▶ _What this task involves_
If pictures appear in the lines below, skip them and copy exactly the lines from the one containing "Features: Wet and" through the one containing "Her style combines", and nothing else.

▶ _Study material_
◇ ◇ ◇ ◇ ◇

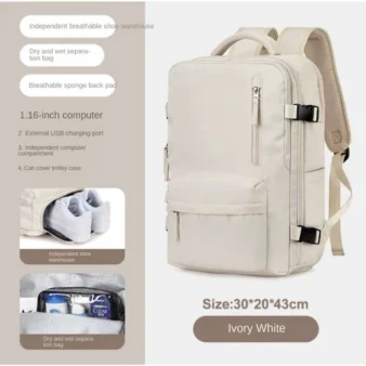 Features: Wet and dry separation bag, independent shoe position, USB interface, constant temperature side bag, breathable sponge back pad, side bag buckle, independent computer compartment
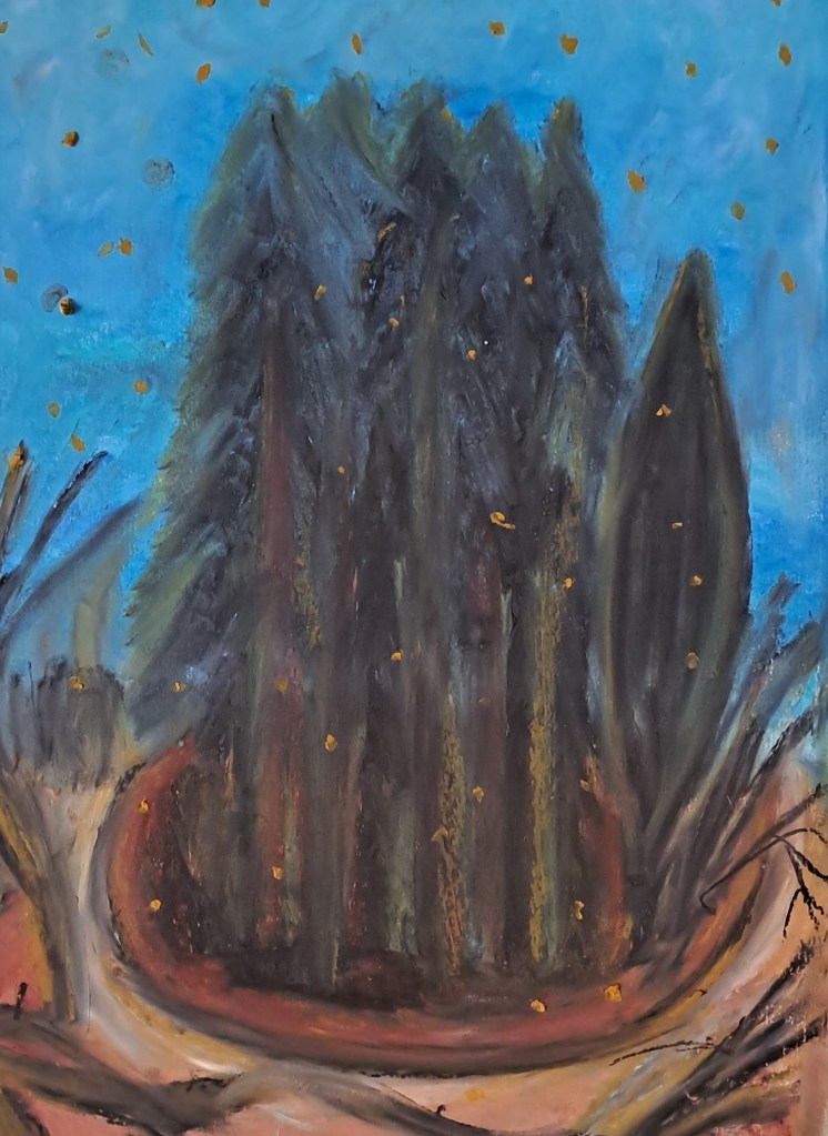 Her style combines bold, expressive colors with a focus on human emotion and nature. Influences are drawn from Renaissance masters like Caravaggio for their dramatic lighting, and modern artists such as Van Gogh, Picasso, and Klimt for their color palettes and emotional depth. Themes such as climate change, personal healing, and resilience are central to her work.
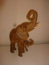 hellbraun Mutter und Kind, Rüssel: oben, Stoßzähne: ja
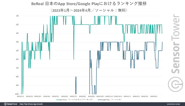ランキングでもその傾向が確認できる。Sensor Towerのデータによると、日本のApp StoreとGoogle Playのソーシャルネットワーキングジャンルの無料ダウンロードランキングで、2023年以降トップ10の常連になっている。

◇ ◇ ◇ ◇ ◇

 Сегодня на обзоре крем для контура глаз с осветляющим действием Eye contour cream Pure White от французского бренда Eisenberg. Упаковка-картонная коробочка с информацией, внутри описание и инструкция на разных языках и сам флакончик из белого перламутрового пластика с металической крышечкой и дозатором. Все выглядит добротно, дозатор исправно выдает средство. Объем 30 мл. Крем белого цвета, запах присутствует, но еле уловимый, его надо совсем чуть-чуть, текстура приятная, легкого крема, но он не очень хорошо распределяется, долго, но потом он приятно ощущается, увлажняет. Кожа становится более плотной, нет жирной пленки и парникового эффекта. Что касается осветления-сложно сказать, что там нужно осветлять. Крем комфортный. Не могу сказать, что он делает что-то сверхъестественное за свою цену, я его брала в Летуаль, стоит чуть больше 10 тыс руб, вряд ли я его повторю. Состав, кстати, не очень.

◇ ◇ ◇ ◇ ◇

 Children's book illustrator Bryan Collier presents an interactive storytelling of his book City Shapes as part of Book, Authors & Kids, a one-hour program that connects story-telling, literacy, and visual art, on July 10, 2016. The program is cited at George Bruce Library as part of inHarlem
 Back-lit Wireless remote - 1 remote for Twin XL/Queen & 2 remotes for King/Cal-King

◇ ◇ ◇ ◇ ◇

▶ _Solution to the exercise_
 Features: Wet and dry separation bag, independent shoe position, USB interface, constant temperature side bag, breathable sponge back pad, side bag buckle, independent computer compartment
 Her style combines bold, expressive colors with a focus on human emotion and nature. Influences are drawn from Renaissance masters like Caravaggio for their dramatic lighting, and modern artists such as Van Gogh, Picasso, and Klimt for their color palettes and emotional depth. Themes such as climate change, personal healing, and resilience are central to her work.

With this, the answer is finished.